— ACTION ITEM —
Could you retype the records below exactly as they appear, skipping any pictures?

[Data excerpts]
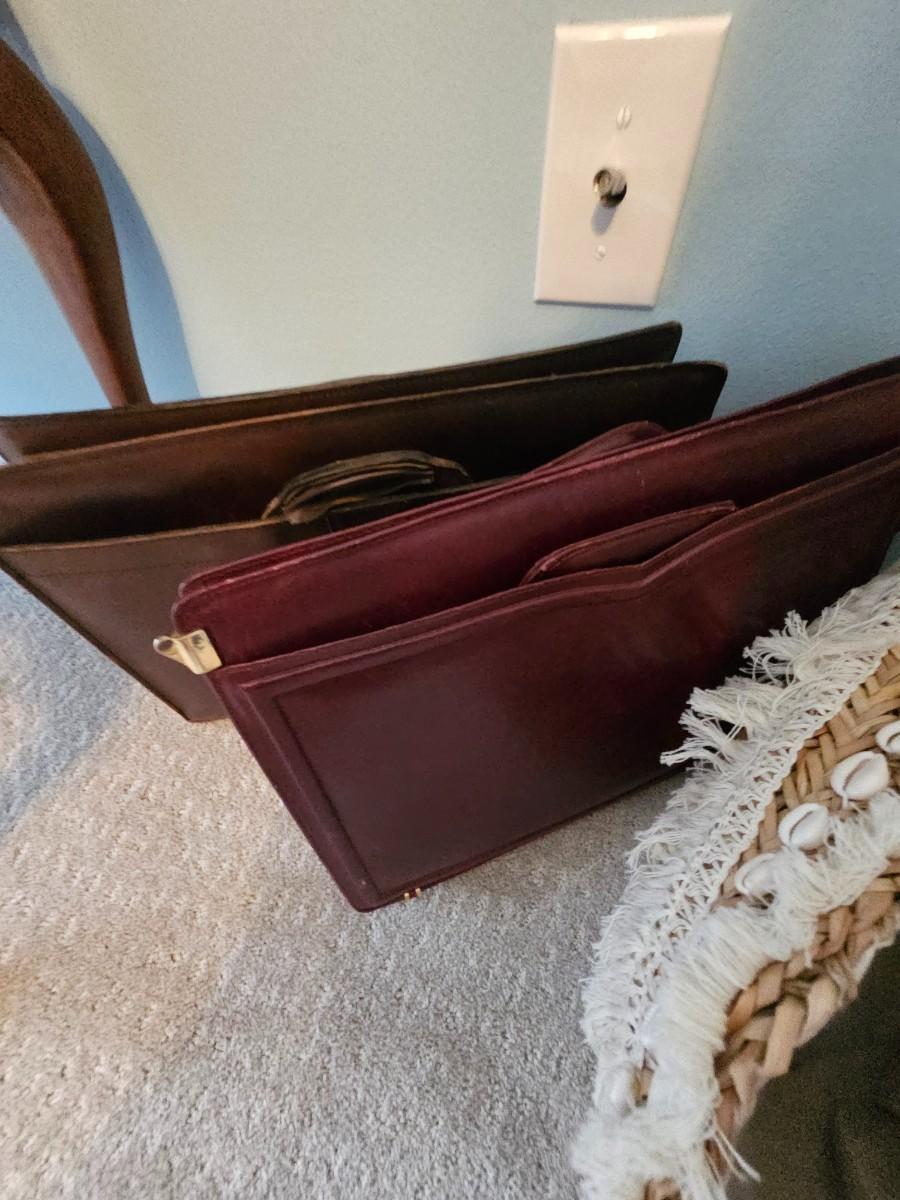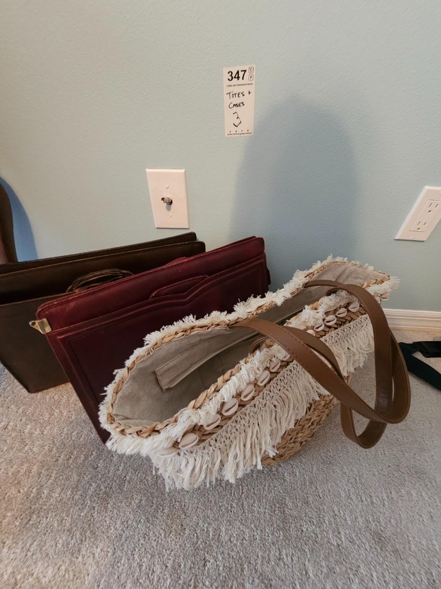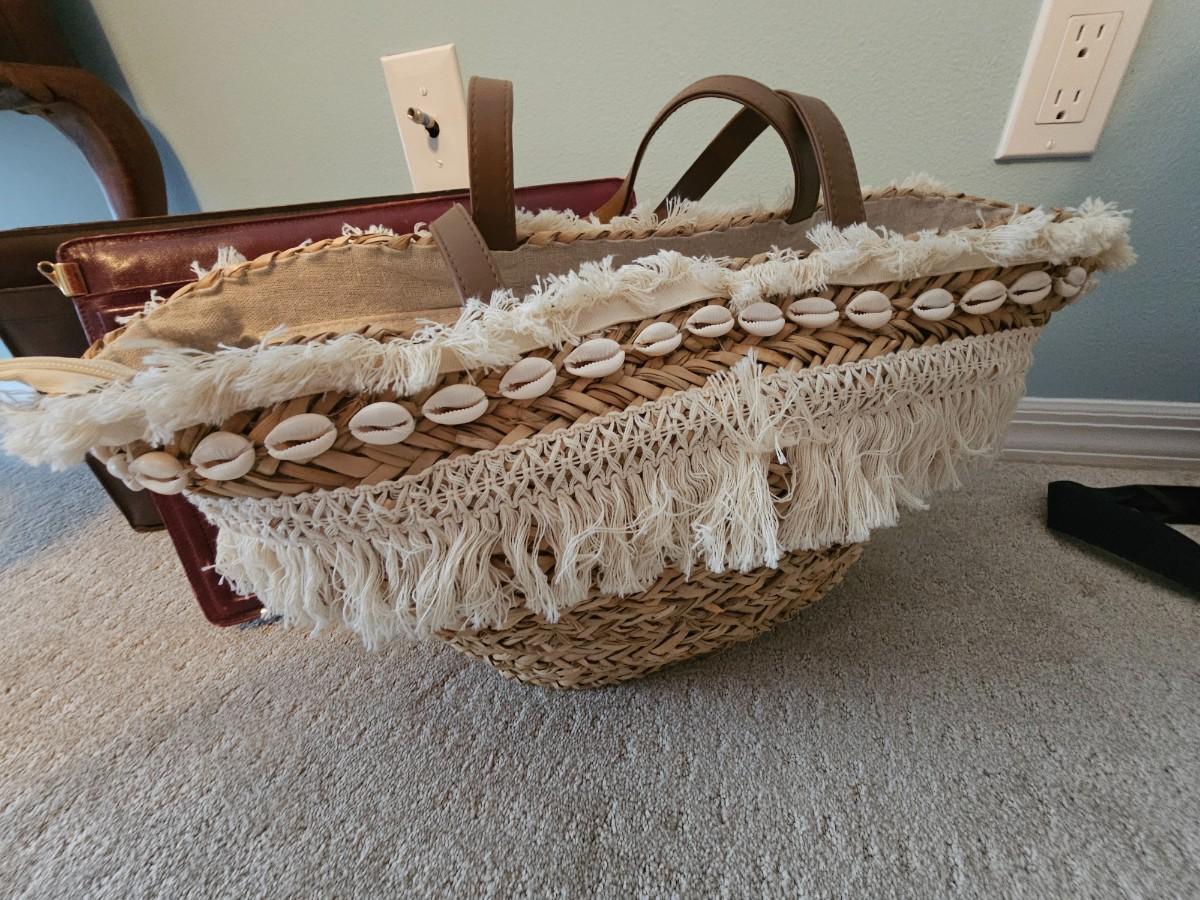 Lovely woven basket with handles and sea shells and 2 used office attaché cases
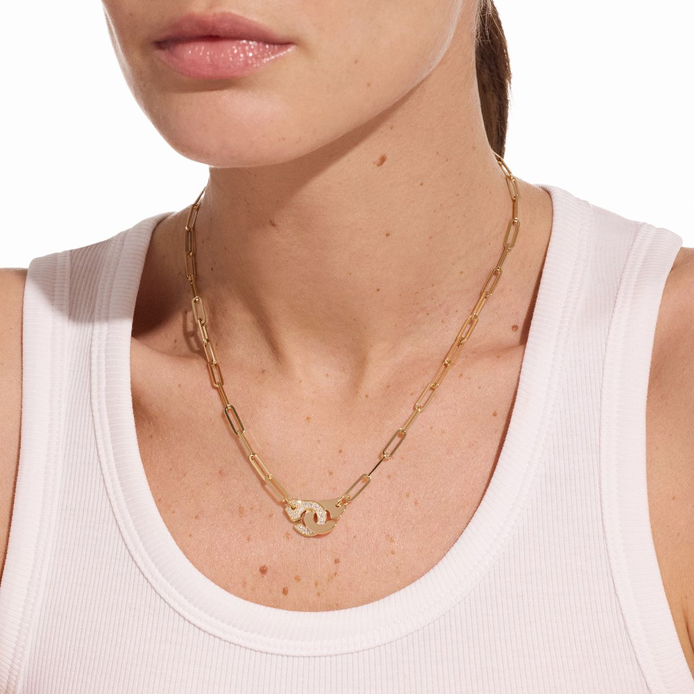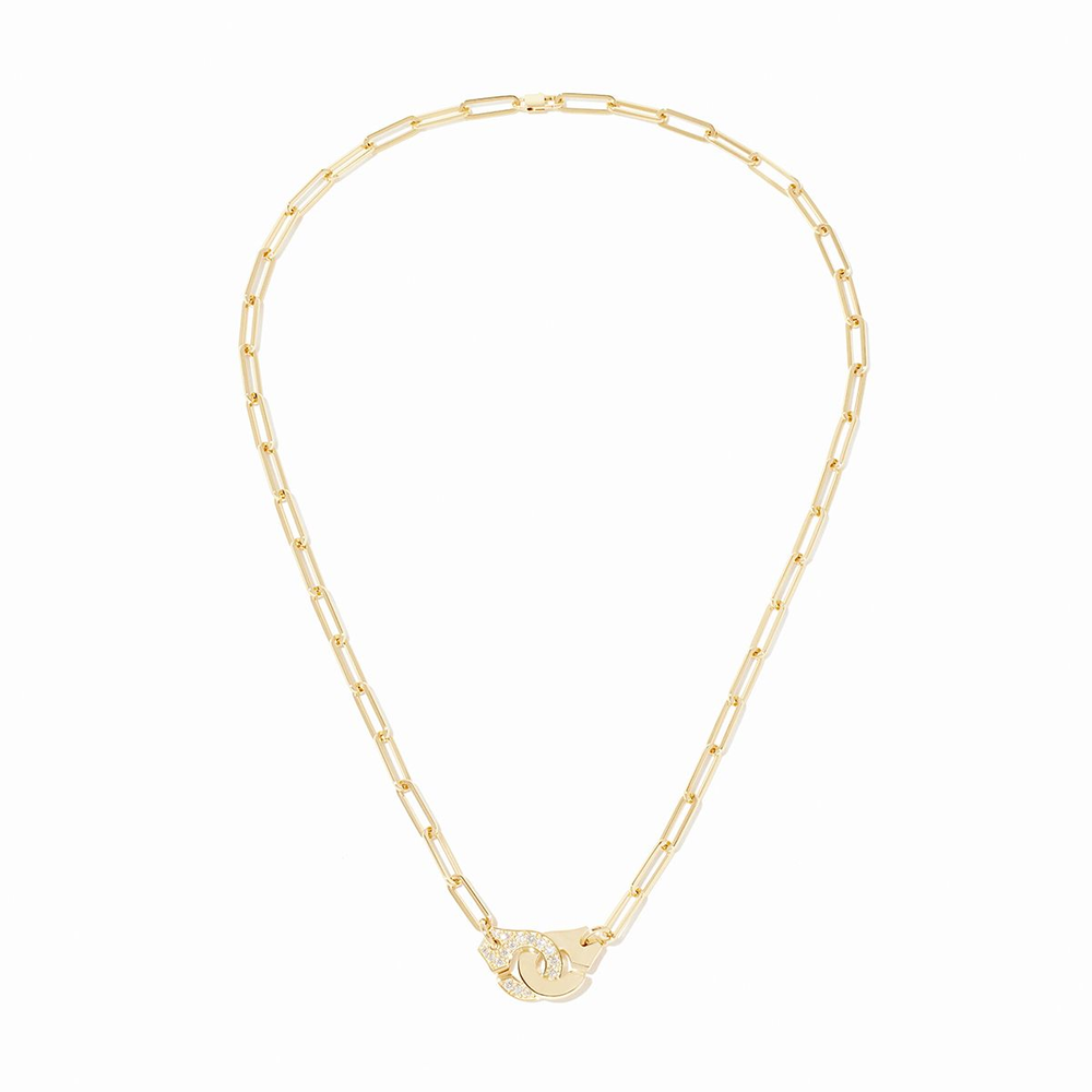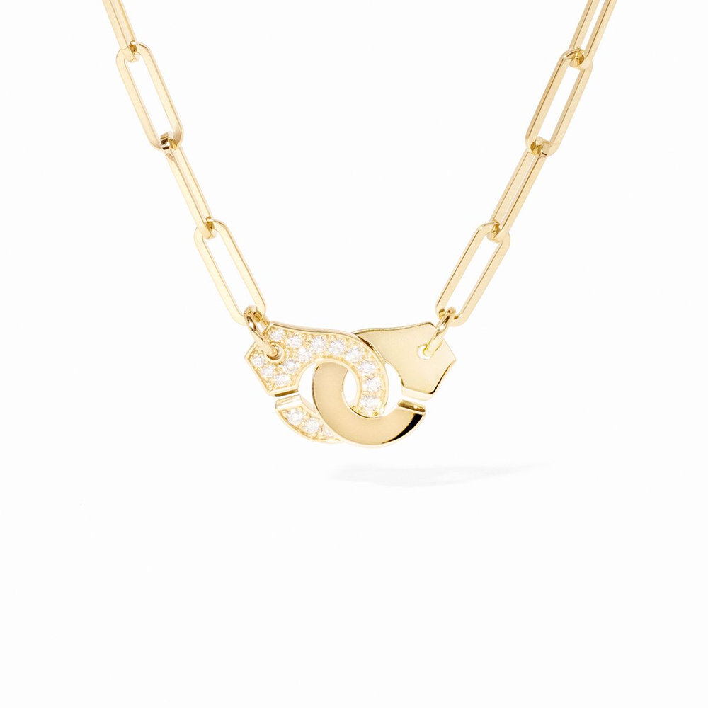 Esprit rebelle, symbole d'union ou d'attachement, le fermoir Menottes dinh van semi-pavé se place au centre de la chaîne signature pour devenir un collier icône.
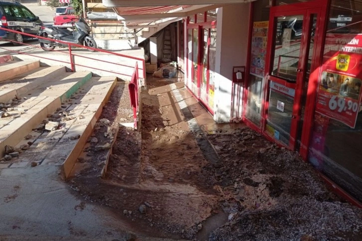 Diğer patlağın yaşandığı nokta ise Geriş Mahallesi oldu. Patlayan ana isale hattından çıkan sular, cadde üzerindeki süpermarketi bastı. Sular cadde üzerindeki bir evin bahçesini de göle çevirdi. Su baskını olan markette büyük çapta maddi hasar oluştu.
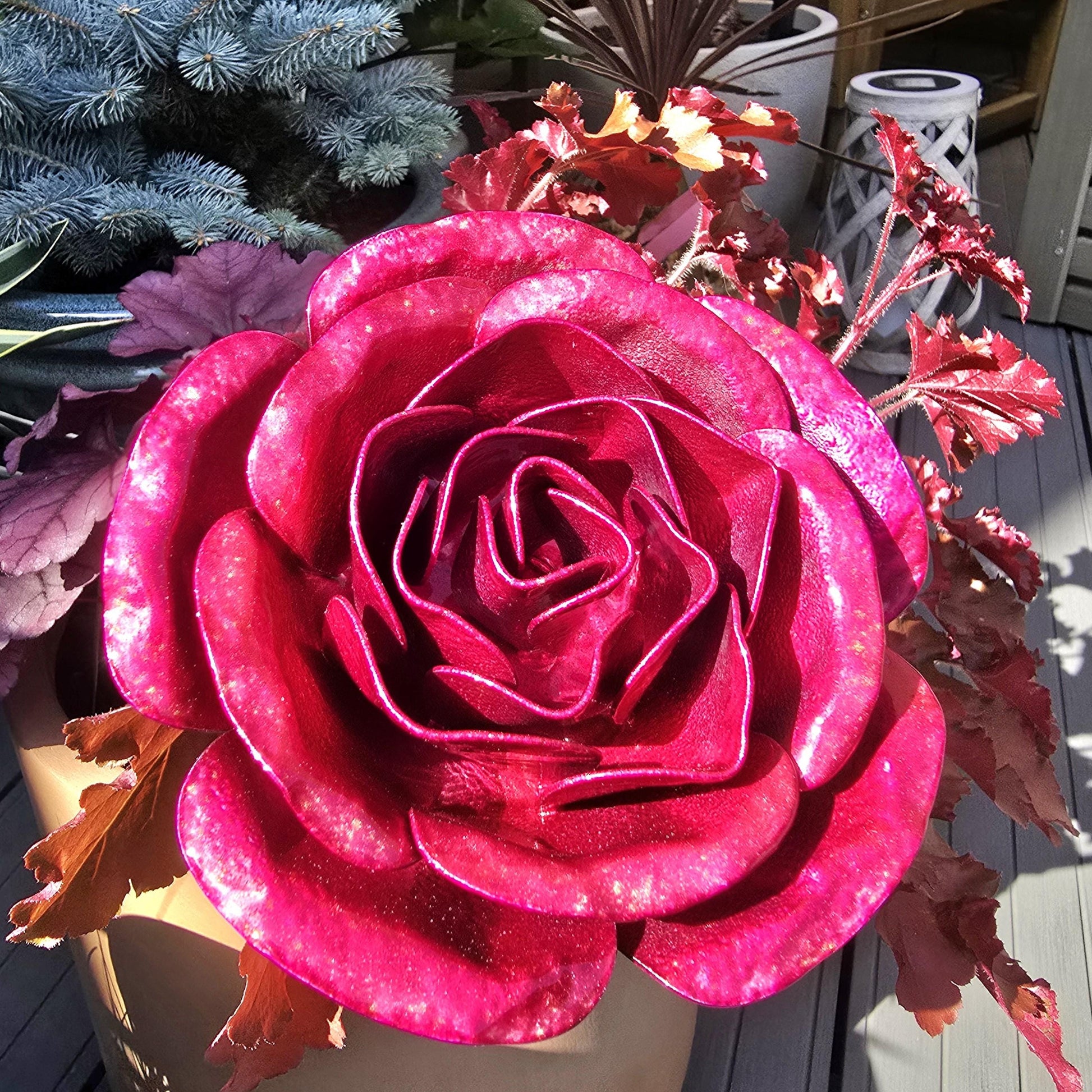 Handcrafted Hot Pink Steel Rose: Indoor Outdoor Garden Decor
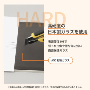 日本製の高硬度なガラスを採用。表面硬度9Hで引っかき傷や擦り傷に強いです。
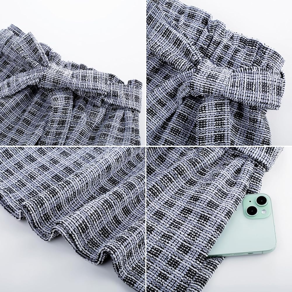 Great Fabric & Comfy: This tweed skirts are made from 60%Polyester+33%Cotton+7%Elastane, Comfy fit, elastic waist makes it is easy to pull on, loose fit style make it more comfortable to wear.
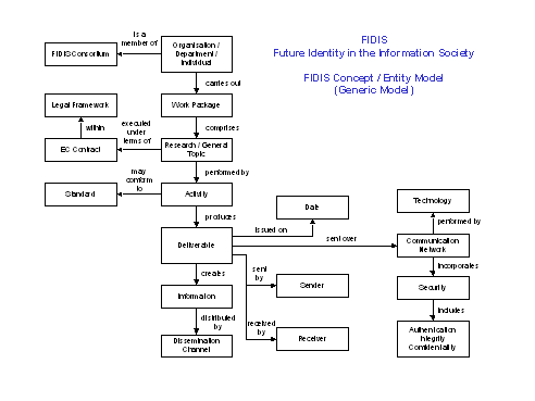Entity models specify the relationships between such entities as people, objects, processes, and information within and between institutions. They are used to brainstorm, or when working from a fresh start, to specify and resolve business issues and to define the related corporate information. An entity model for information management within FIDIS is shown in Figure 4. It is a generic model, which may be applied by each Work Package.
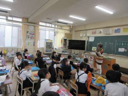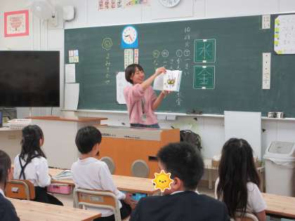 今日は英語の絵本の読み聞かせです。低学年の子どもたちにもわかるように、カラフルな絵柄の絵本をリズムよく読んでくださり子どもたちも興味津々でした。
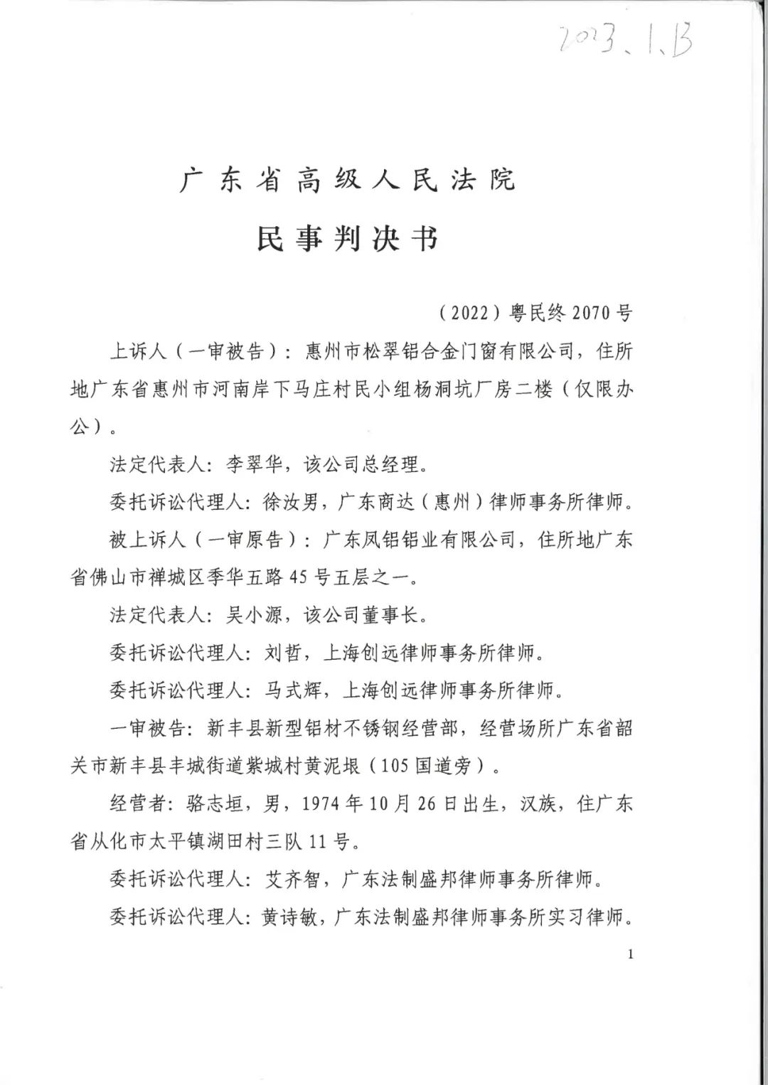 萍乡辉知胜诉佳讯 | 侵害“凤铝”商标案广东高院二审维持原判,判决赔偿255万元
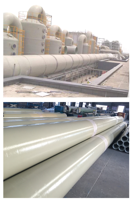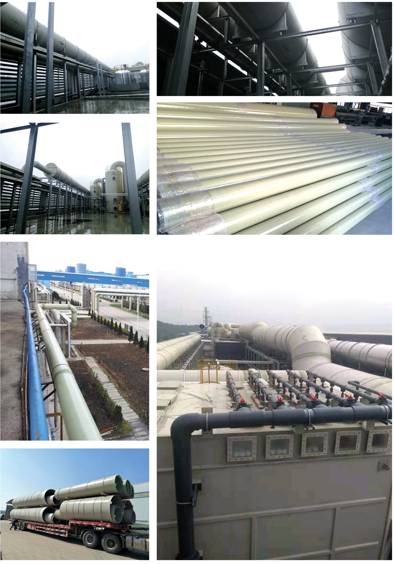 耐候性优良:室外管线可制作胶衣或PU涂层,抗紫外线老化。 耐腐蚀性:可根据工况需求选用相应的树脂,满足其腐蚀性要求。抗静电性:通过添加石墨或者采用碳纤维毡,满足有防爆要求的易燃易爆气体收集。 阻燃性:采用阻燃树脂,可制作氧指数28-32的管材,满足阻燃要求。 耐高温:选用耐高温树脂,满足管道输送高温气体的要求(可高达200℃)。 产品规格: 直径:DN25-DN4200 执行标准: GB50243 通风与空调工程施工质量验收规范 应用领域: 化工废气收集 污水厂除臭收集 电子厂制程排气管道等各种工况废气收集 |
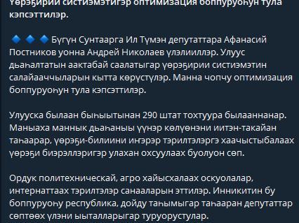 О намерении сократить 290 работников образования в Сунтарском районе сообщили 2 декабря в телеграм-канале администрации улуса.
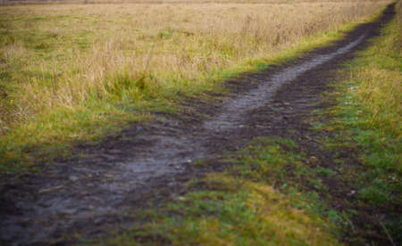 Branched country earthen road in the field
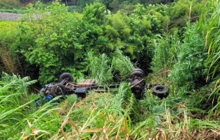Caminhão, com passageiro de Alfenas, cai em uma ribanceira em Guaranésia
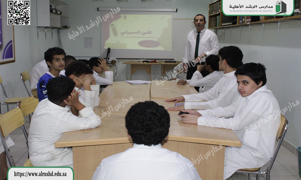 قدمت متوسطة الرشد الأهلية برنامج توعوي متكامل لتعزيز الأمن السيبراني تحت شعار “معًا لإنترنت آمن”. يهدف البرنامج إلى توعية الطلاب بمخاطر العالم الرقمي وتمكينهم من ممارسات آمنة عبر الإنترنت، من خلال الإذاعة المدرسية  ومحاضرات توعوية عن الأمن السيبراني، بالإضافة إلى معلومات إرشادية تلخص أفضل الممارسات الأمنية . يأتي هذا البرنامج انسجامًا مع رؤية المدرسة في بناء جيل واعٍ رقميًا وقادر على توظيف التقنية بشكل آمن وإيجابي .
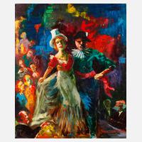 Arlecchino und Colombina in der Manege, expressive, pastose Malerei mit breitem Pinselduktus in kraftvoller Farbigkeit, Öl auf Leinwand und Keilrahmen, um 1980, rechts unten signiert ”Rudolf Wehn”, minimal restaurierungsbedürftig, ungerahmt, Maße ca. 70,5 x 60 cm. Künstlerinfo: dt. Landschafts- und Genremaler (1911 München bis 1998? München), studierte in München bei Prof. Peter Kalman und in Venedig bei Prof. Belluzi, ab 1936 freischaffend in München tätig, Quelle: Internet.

— RESULT OF THE TASK —
 Lovely woven basket with handles and sea shells and 2 used office attaché cases
 Esprit rebelle, symbole d'union ou d'attachement, le fermoir Menottes dinh van semi-pavé se place au centre de la chaîne signature pour devenir un collier icône.
 Diğer patlağın yaşandığı nokta ise Geriş Mahallesi oldu. Patlayan ana isale hattından çıkan sular, cadde üzerindeki süpermarketi bastı. Sular cadde üzerindeki bir evin bahçesini de göle çevirdi. Su baskını olan markette büyük çapta maddi hasar oluştu.
 Handcrafted Hot Pink Steel Rose: Indoor Outdoor Garden Decor
 日本製の高硬度なガラスを採用。表面硬度9Hで引っかき傷や擦り傷に強いです。
 Great Fabric & Comfy: This tweed skirts are made from 60%Polyester+33%Cotton+7%Elastane, Comfy fit, elastic waist makes it is easy to pull on, loose fit style make it more comfortable to wear.
Entity models specify the relationships between such entities as people, objects, processes, and information within and between institutions. They are used to brainstorm, or when working from a fresh start, to specify and resolve business issues and to define the related corporate information. An entity model for information management within FIDIS is shown in Figure 4. It is a generic model, which may be applied by each Work Package.
 今日は英語の絵本の読み聞かせです。低学年の子どもたちにもわかるように、カラフルな絵柄の絵本をリズムよく読んでくださり子どもたちも興味津々でした。
 萍乡辉知胜诉佳讯 | 侵害“凤铝”商标案广东高院二审维持原判,判决赔偿255万元
 耐候性优良:室外管线可制作胶衣或PU涂层,抗紫外线老化。 耐腐蚀性:可根据工况需求选用相应的树脂,满足其腐蚀性要求。抗静电性:通过添加石墨或者采用碳纤维毡,满足有防爆要求的易燃易爆气体收集。 阻燃性:采用阻燃树脂,可制作氧指数28-32的管材,满足阻燃要求。 耐高温:选用耐高温树脂,满足管道输送高温气体的要求(可高达200℃)。 产品规格: 直径:DN25-DN4200 执行标准: GB50243 通风与空调工程施工质量验收规范 应用领域: 化工废气收集 污水厂除臭收集 电子厂制程排气管道等各种工况废气收集 |
 О намерении сократить 290 работников образования в Сунтарском районе сообщили 2 декабря в телеграм-канале администрации улуса.
 Branched country earthen road in the field
Caminhão, com passageiro de Alfenas, cai em uma ribanceira em Guaranésia
 قدمت متوسطة الرشد الأهلية برنامج توعوي متكامل لتعزيز الأمن السيبراني تحت شعار “معًا لإنترنت آمن”. يهدف البرنامج إلى توعية الطلاب بمخاطر العالم الرقمي وتمكينهم من ممارسات آمنة عبر الإنترنت، من خلال الإذاعة المدرسية  ومحاضرات توعوية عن الأمن السيبراني، بالإضافة إلى معلومات إرشادية تلخص أفضل الممارسات الأمنية . يأتي هذا البرنامج انسجامًا مع رؤية المدرسة في بناء جيل واعٍ رقميًا وقادر على توظيف التقنية بشكل آمن وإيجابي .
 Arlecchino und Colombina in der Manege, expressive, pastose Malerei mit breitem Pinselduktus in kraftvoller Farbigkeit, Öl auf Leinwand und Keilrahmen, um 1980, rechts unten signiert ”Rudolf Wehn”, minimal restaurierungsbedürftig, ungerahmt, Maße ca. 70,5 x 60 cm. Künstlerinfo: dt. Landschafts- und Genremaler (1911 München bis 1998? München), studierte in München bei Prof. Peter Kalman und in Venedig bei Prof. Belluzi, ab 1936 freischaffend in München tätig, Quelle: Internet.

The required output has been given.